I’ve sat in this meeting more times than I can count. We demo the agent — code generation, context, governance. The CISO listens, then asks one question: “Where does my code go?” If the answer involves an external API, the meeting is over.
This is not a niche concern. It is the default reality for regulated enterprises evaluating AI coding tools. Financial services, healthcare, defense, public sector — organizations operating under FedRAMP, HIPAA, SOX, ITAR, or internal data-sovereignty policies cannot send source code and prompts to external endpoints. Full stop. The constraint is not negotiable, not waivable, and not satisfied by a SOC 2 badge on the vendor’s marketing page.
Today, Tabnine’s self-hosted deployment is generally available. The full stack — model, Context Engine, governance layer — runs inside the customer’s trust boundary. Air-gapped, VPC, on-prem, cloud-of-choice. No code leaves the environment. No prompts leave the environment. No telemetry leaves the environment unless the customer explicitly configures it to.
This is not a premium tier. It is the architecture.
The gap between “enterprise-ready” and actually deployable
Most AI coding tools follow a predictable pattern when they encounter regulated buyers.
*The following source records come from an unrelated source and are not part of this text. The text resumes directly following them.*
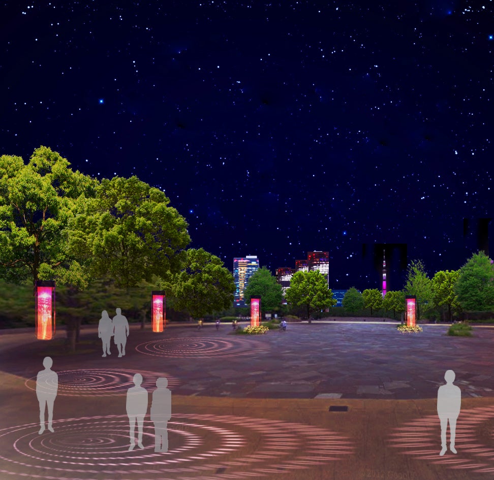 春の訪れを感じさせる春風や桜吹雪をイメージした小さな光が舞い踊る光の体験演出を行います。地面に映し出される模様が「春の息吹」を引き立て、イベント広場全体で春を表現します。一足先に春を体感してみてください。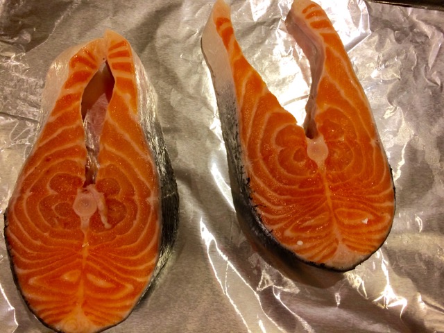 Salmon steaks, 3/4-1″ thick [I used two, and they came out to be around .7 pounds each—more than enough for two people, probably fine for four as long as you’ve got sides]
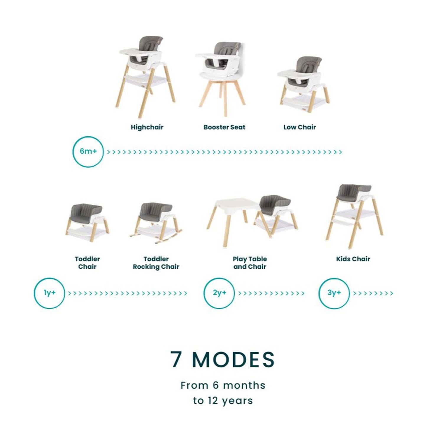 The Tutti Bambini Nova Highchair is a versatile, evolutionary highchair that grows with your child, offering 7 modes from highchair to play table. Ergonomically designed with padded, stain-resistant Nanotex fabrics, it ensures comfort and easy cleaning. Compact and travel-friendly, it folds in just 60 seconds with a carry case included. Pair with the Nova Rocker to unlock 4 additional modes, perfect for newborns.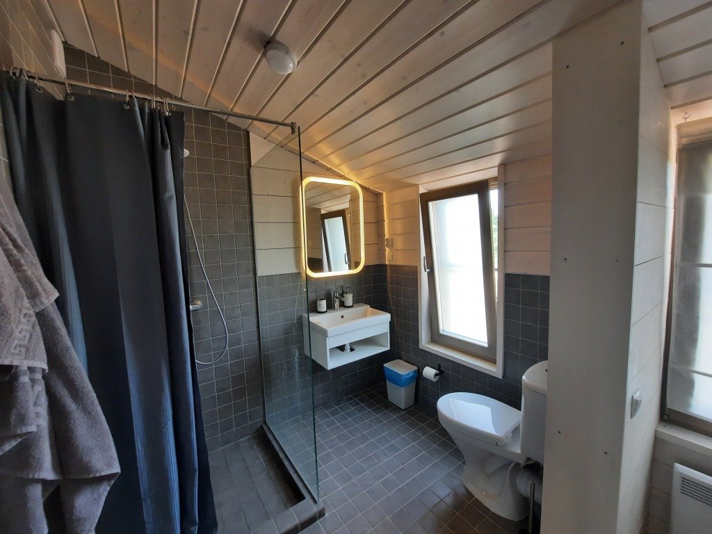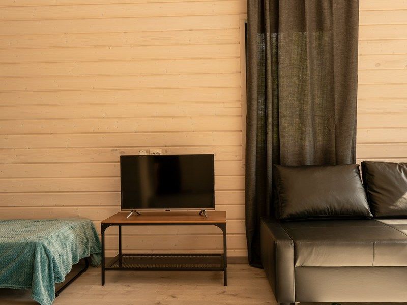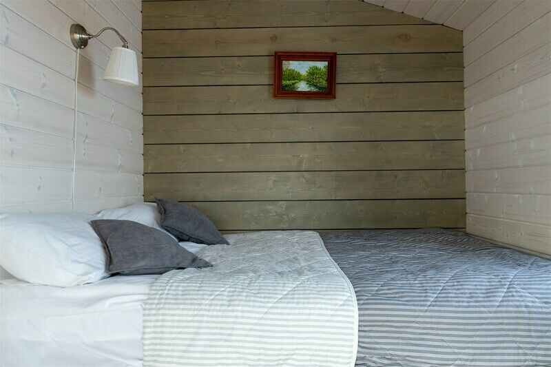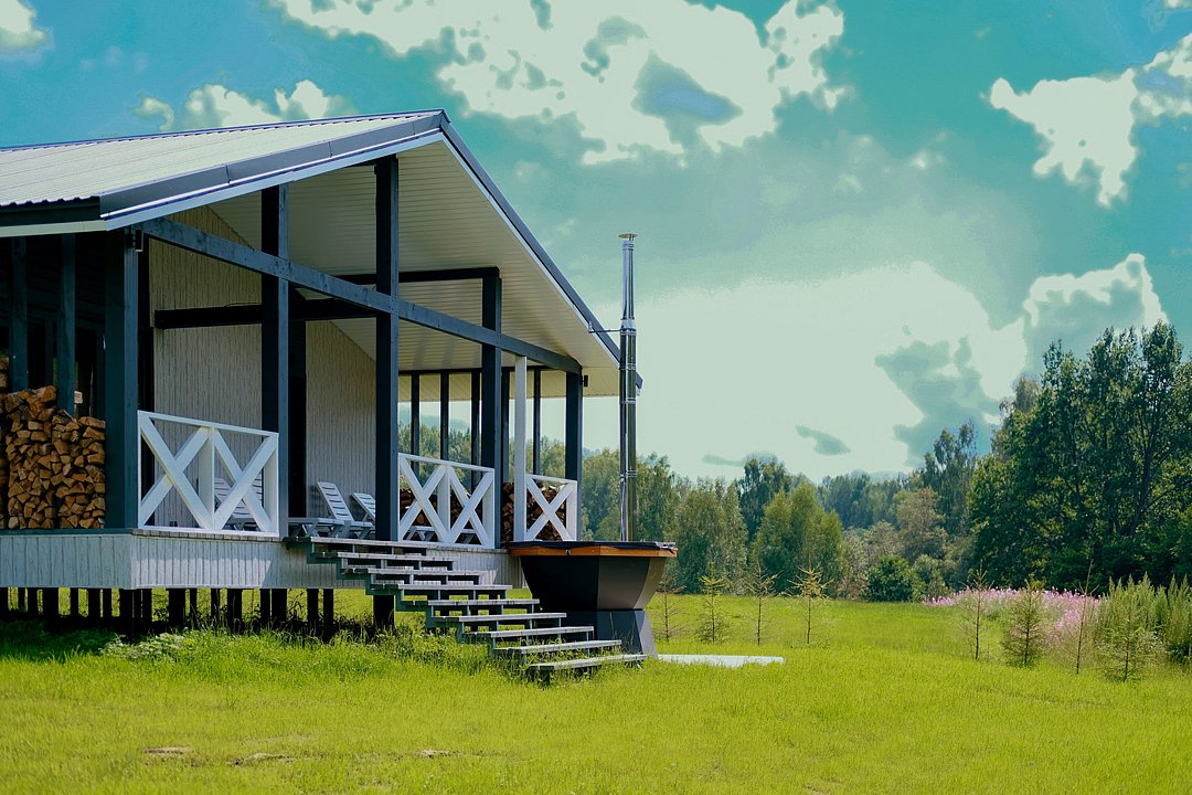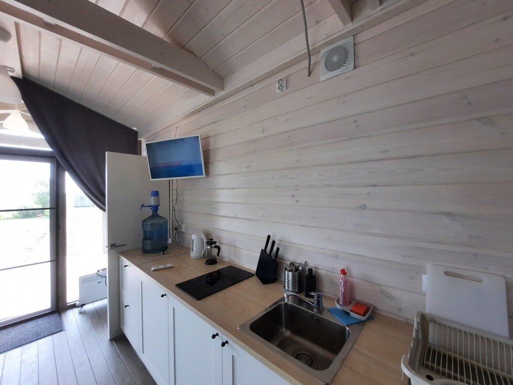Домик 48 кв. м с баней и большой террасой. Оборудован 2-х спальной кроватью, раскладным диваном, кухней в общей гостиной-студии. Белье, полотенца, посуда, кухонные принадлежности в комплекте. Свой мангал с решеткой. Находится в уединенном месте у берега вдали от остальных домиков.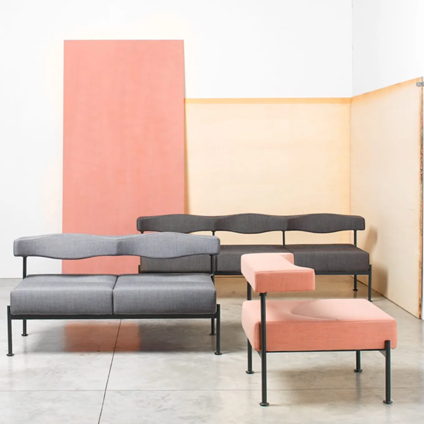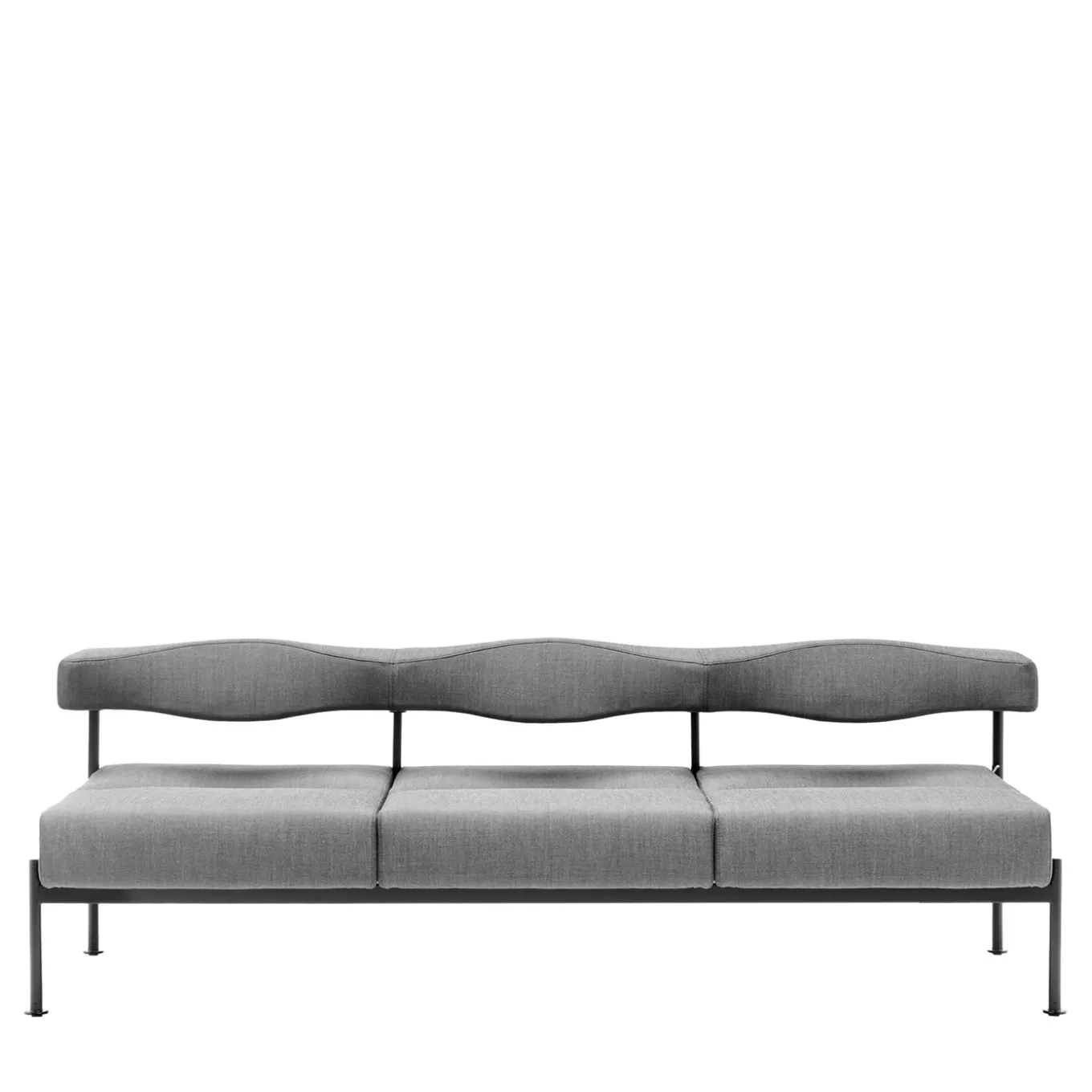 This upholstered three seater sofa is characterized by a painted 4-legged steel frame in matte black, to guarantee elegance and functionality in every living room.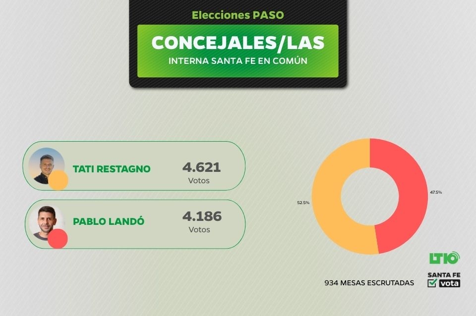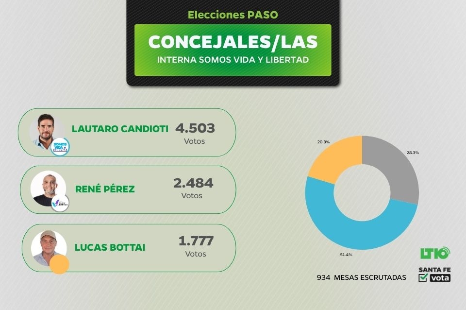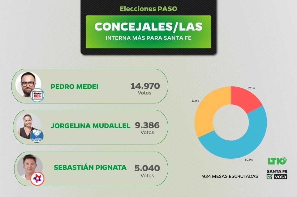 El tercer lugar lo ocupa Pedro "el profe" Medei con 15.052 votos, quien se queda hasta el momento con la interna de Más para Santa Fe, al superar a Jorgelina Mudallel (9.423 votos) y Sebastián Pignata (5.047).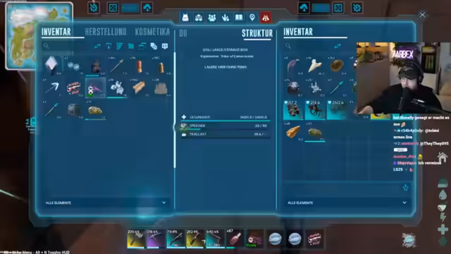 02:52:05Ein Streit um den geklauten Agentavis und der Verlust einer großen Loot-Crate sorgt für erstes Chaos. Streamer Trimax wird beschuldigt, den Vogel gestohlen zu haben, was er vehement bestreitet. Plötzlich wird ein Server-Leck festgestellt, da Dino-Dreck die Performance massiv beeinträchtigt. Die Situation eskaliert, als die Basis von aggressiven Tieren, wie einem Theri, bedroht wird, was sofortige Gegenmaßnahmen erfordert. Die anfängliche Verwirrung über den Verbleib des Vogels weicht der dringenden Notwendigkeit, die Base zu säubern.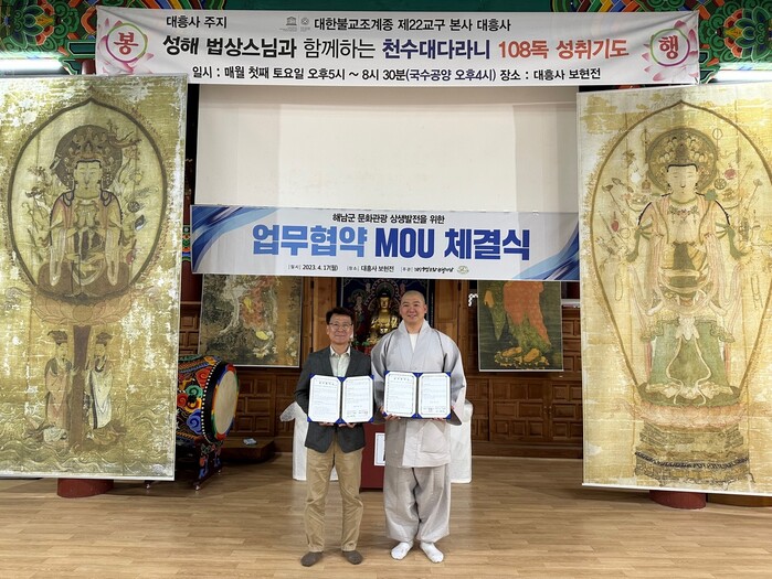 [해남=정찬남 기자] 전남 해남문화관광재단(대표이사 이병욱)과 대한불교조계종 제22교구본사(주지 법상)은 지난 17일 대흥사 보현전에서 지역 관광·문화 교류 협력을 위한 업무협약을 체결했다. 두 기관은 업무협약을 통해 지역 관광과 문화자원을 활용한 지역 브랜드 강화에 나서기로 하고 양 지역 관광·문화 발전을 위한 네트워크를 구축하기로 했다.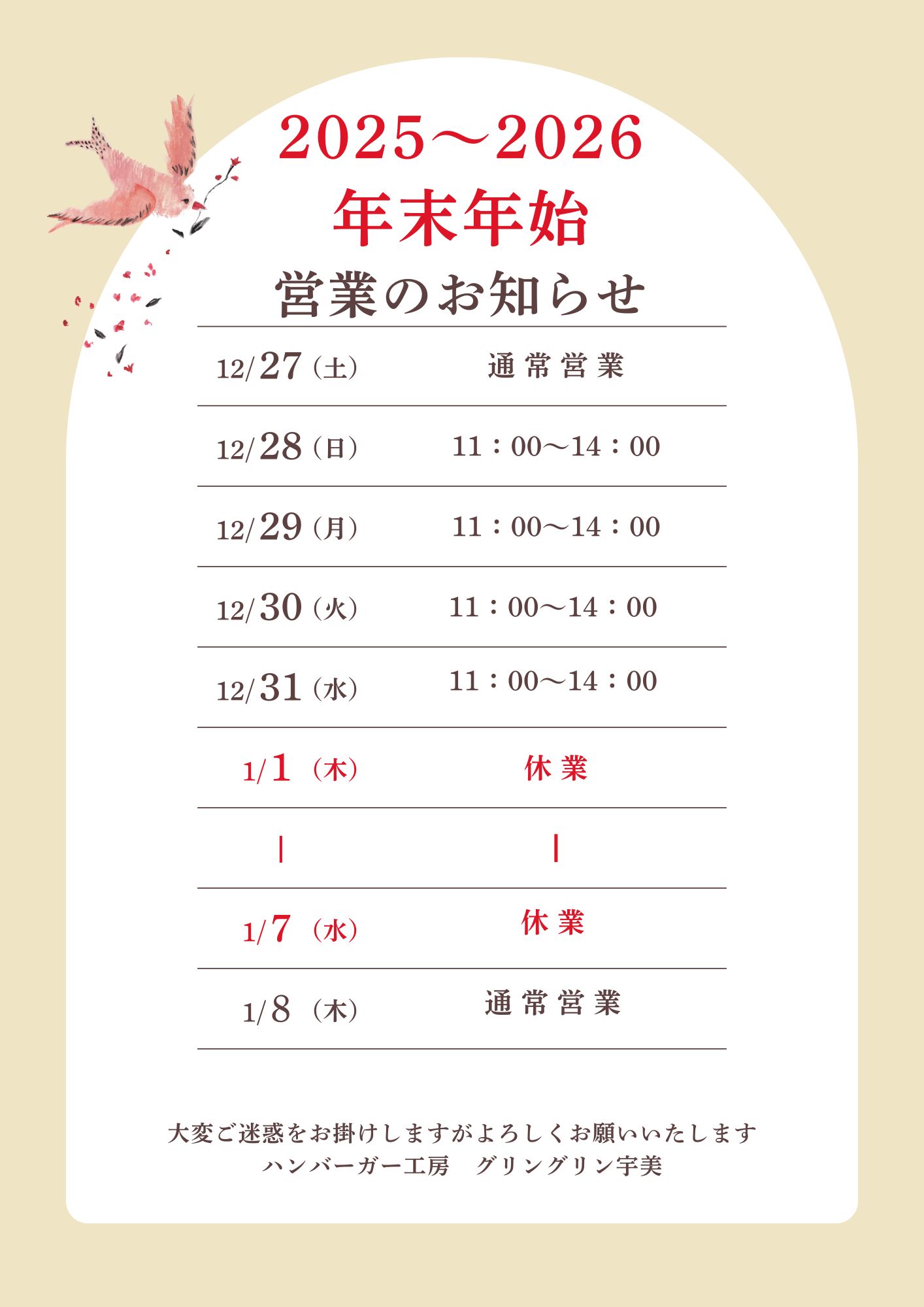 12月28日(日)~12月31日(水)まで11時~14時迄の時短営業。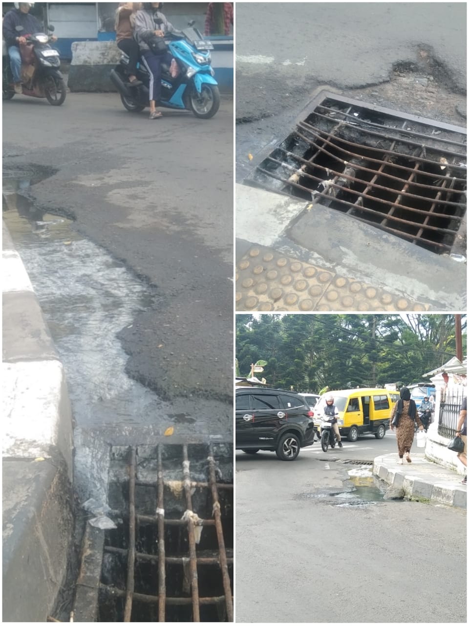 Sudah bertahun-tahun drainase yang berada di samping Kantor Pos Cipanas, tepatnya di simpang empat Pos 55, arah jalan Makam Pahlawan, Desa Cipanas, Kecamatan Cipanas Kabupaten Cianjur Jawa Barat, Sering mengalami kerusakan, bila di musim penghujan, air kotor akan meluap ke jalan.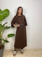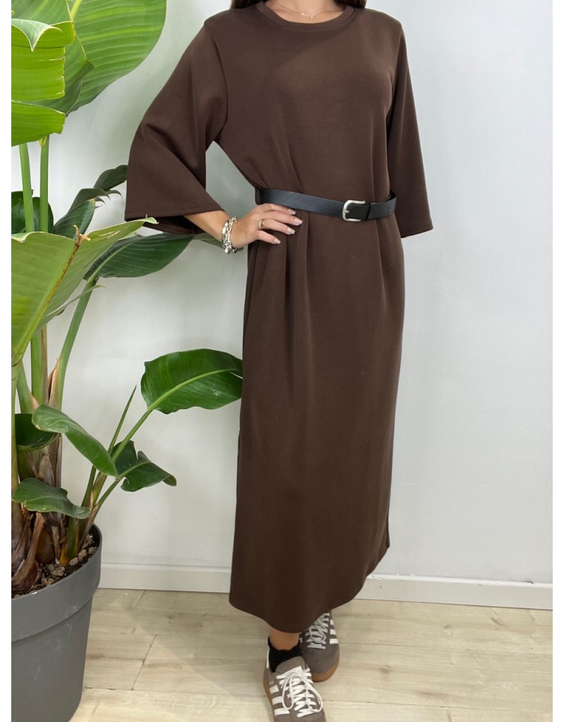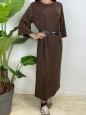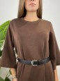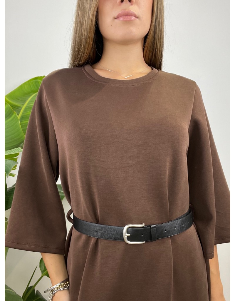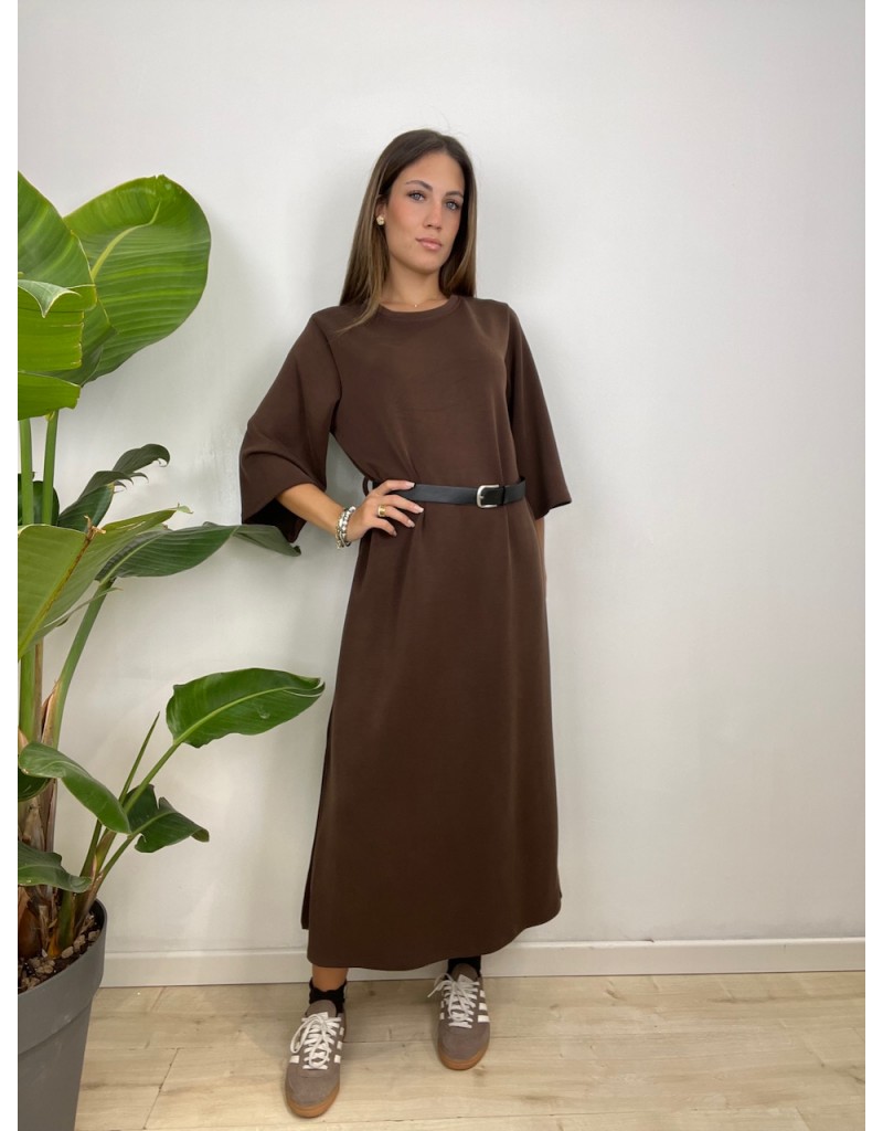 Vestito tinta unita con cinturino e manica 3/4.

First, they offer a cloud-hosted “enterprise” plan with SSO, audit logs, and a data processing agreement. When that fails the security review, they offer a self-hosted model — a container you can run locally that handles inference. When the buyer asks about the rest of the stack, the conversation gets uncomfortable.
The problem is that a self-hosted model is not a self-hosted product. A coding agent is not just a model. It is a model plus a context layer plus a governance layer plus an orchestration framework plus telemetry plus policy enforcement. If the model runs locally but context retrieval calls an external API, code still leaves the boundary. If governance rules are evaluated in the vendor’s cloud, prompts still leave the boundary. If telemetry phones home, metadata about your codebase — file paths, function names, usage patterns — still leaves the boundary.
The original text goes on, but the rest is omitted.